A recent federal Health Resources and Services Administration report found that as the population ages it needs more complex treatment and medication regimens. This requires educated providers who are able to manage the vagaries of drug-related issues. This also requires additional time with patients.

The expanding need cannot be filled by primary care physicians alone, Albanese says.

Pharmacists, with their unique understanding of pharmacology and patient care, have been identified as health care providers who can address this need -- improving health outcomes, creating a better quality of life for patients and lowering health care costs.

Working closely with patients' physicians, UB pharmacy practice residents meet with patients, talk to them about their conditions, teach them how to administer their medications and follow their progress.

For example, Apa teaches patients how to test blood sugar, how to administer insulin, and how to count carbohydrates. She calls patients monthly to evaluate the last several weeks of blood sugars, possibly making recommendations about the adjustment of insulin doses.

Other UB pharmacy residents perform similarly with patients who are being treated for hypertension, thyroid disease, HIV/AIDS and psychiatric disorders.

Erin Slazak, UB clinical assistant professor of pharmacy practice, is the program coordinator of the MedSense℠ Pharmacy Program and director of the UB residency program at Lifetime Health Medical Group -- a primary care group with four practices in Western New York.

Slazak mentors UB pharmacy residents who help patients manage cholesterol, blood pressure and type 2 diabetes, among other chronic medical conditions.

"I love what I do. It serves a definite need," says Slazak.

Having the ability to work so closely with patients, helping them to adjust to their physician-prescribed treatment regimens, often leads to better compliance and improved laboratory results, Slazak says.

Such results are important to insurance companies, too.

Studies from the journal Pharmacotherapy, the National Institutes of Health cholesterol guidelines and the BMJ (British Medical Journal) have concluded that reducing a patient's laboratory numbers can be cost saving. Respectively, it is estimated that a decrease of one percent in the A1c, a blood test that can measure average plasma glucose over three months, may save $820 in health costs. A decrease in "bad" cholesterol or LDL by one percent may save $256. And every point that blood pressure decreases saves $9 dollars.

"Our residency programs show that patients who previously would be thought of as non-compliant often need more human intervention, more follow-up. Sometimes people who appear uninterested are just overwhelmed with a new diagnosis and really need our guidance to help them manage the details," Albanese says.

The UB pharmacy practice residency programs are located in pharmacies, in ambulatory health agencies and in hospitals across Erie and Niagara counties.
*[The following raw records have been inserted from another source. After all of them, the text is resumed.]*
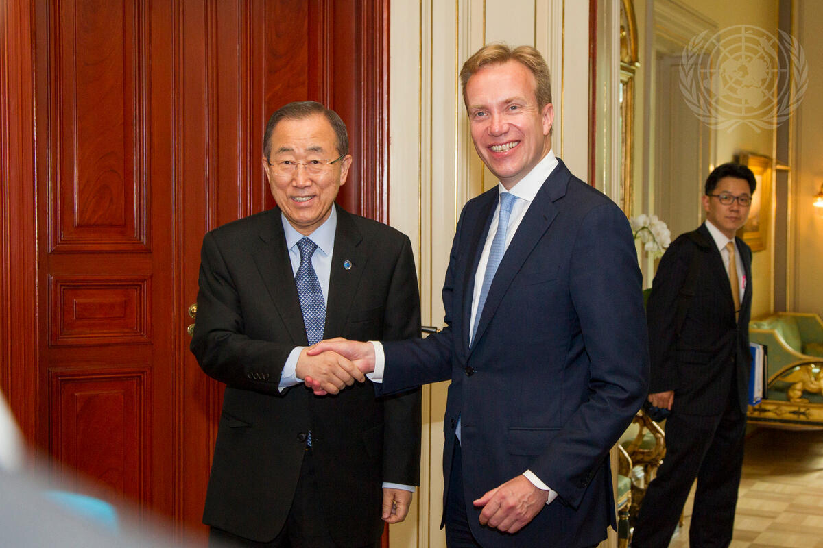 Secretary-General Ban Ki-moon (left) meets Børge Brende (right), Minister for Foreign Affairs of Norway.
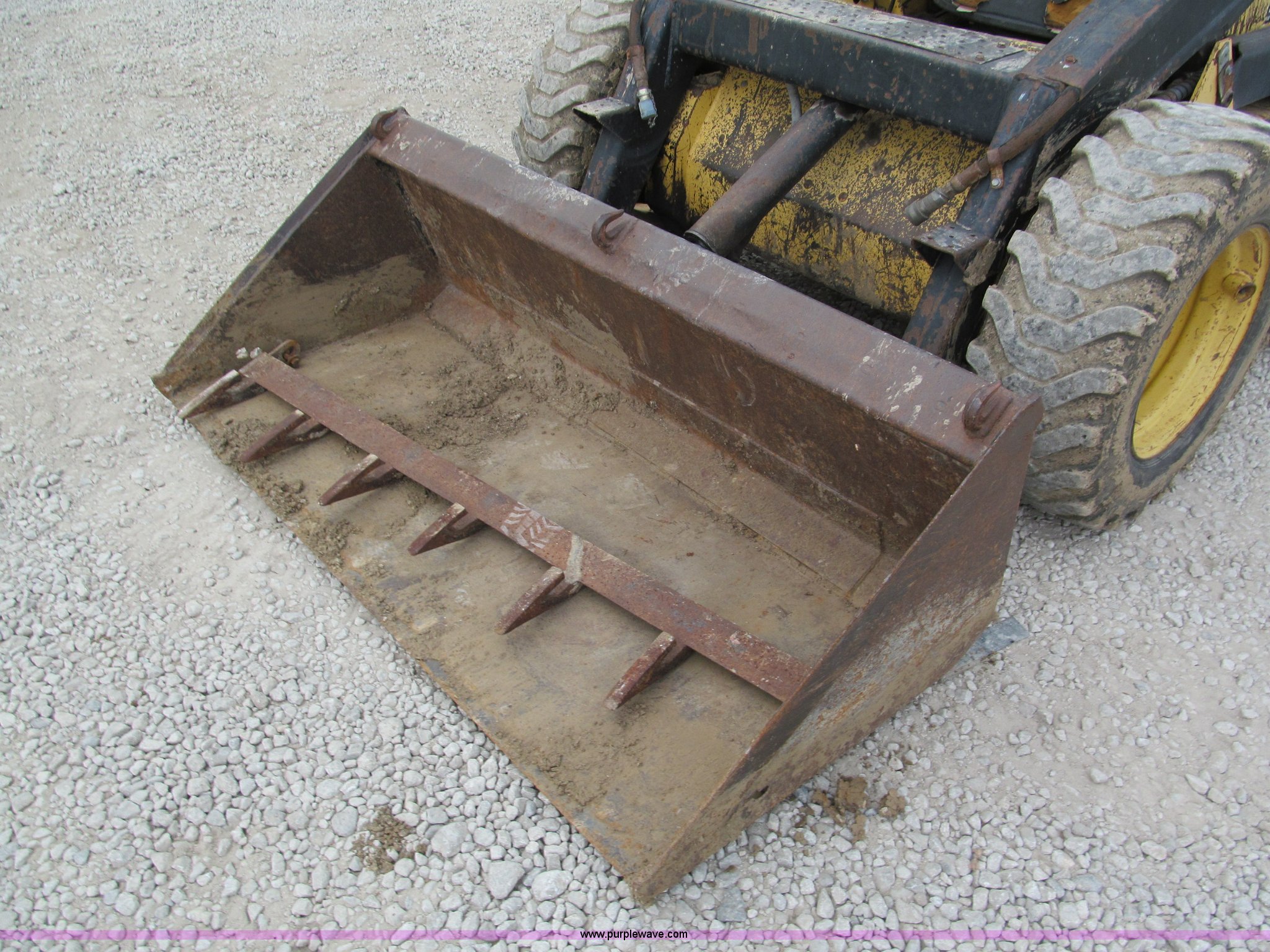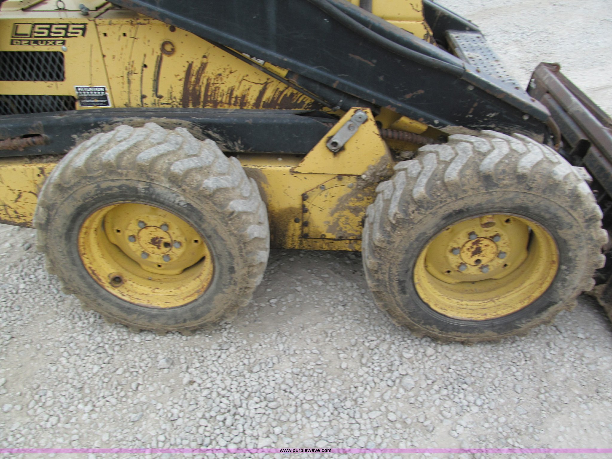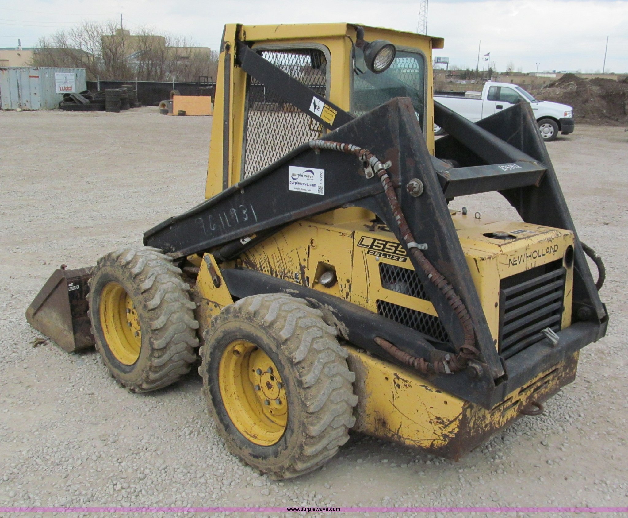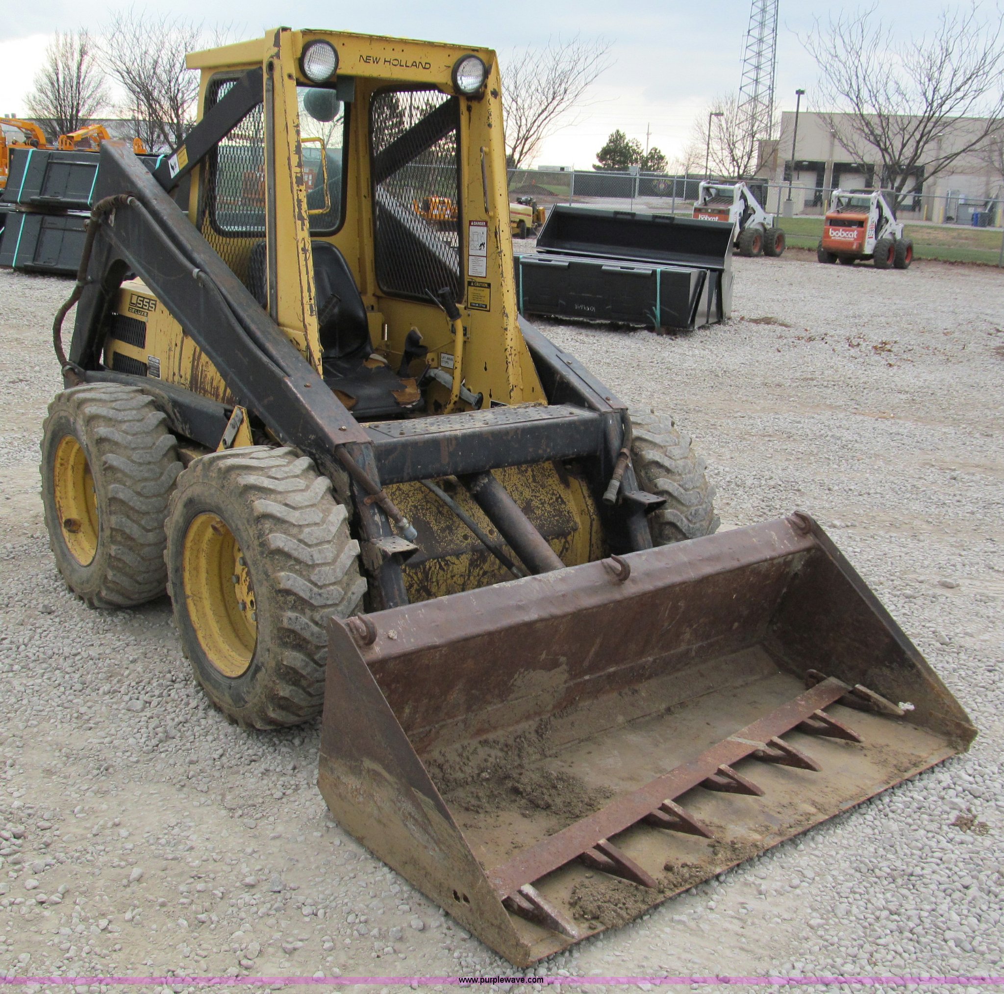 Purple Wave is selling a used Skid Steer Loader in Kansas. This item is a 1987 New Holland L555 Deluxe skid steer with the following: 2,209 hours on meter, Kubota four cylinder diesel engine, Foot loader controls, Auxiliary hydraulics, 64" smooth bucket with tooth bar, 10-16.5 tires, 4,994 lbs. base operating weight, Serial 713194, Unit# 1051412
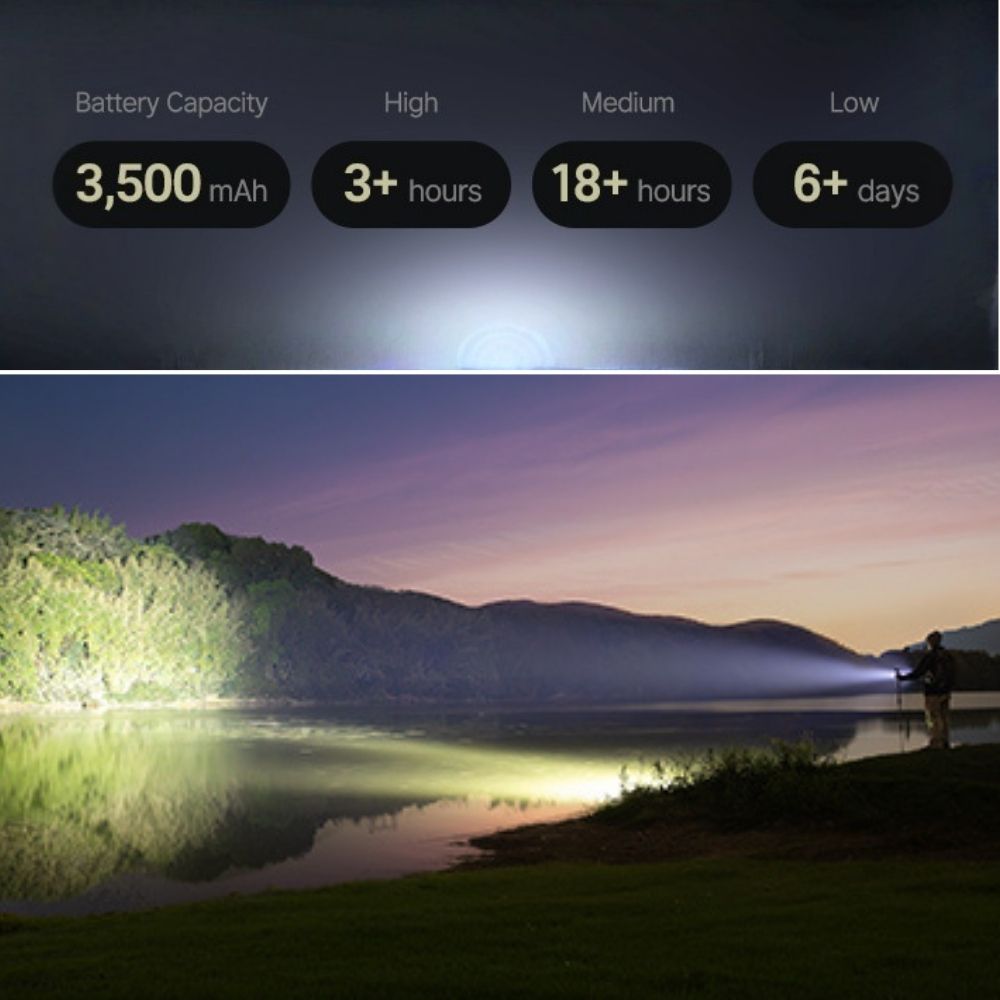 - 超長續航力: 搭載 3500mAh 18650 電池,月光模式下續航最長可達 100 天,告別頻繁充電的煩惱。

UB pharmacy residents also receive an academic appointment and are expected to teach classes at UB in the area of their residency.

"These residencies are for pharmacists who want more direct contact and involvement with patients in an ambulatory setting. They can have a real impact on a patient's quality of life--and that's priceless," Albanese says.

The University at Buffalo is a premier research-intensive public university, a flagship institution in the State University of New York system and its largest and most comprehensive campus. UB's more than 28,000 students pursue their academic interests through more than 300 undergraduate, graduate and professional degree programs. Founded in 1846, the University at Buffalo is a member of the Association of American Universities.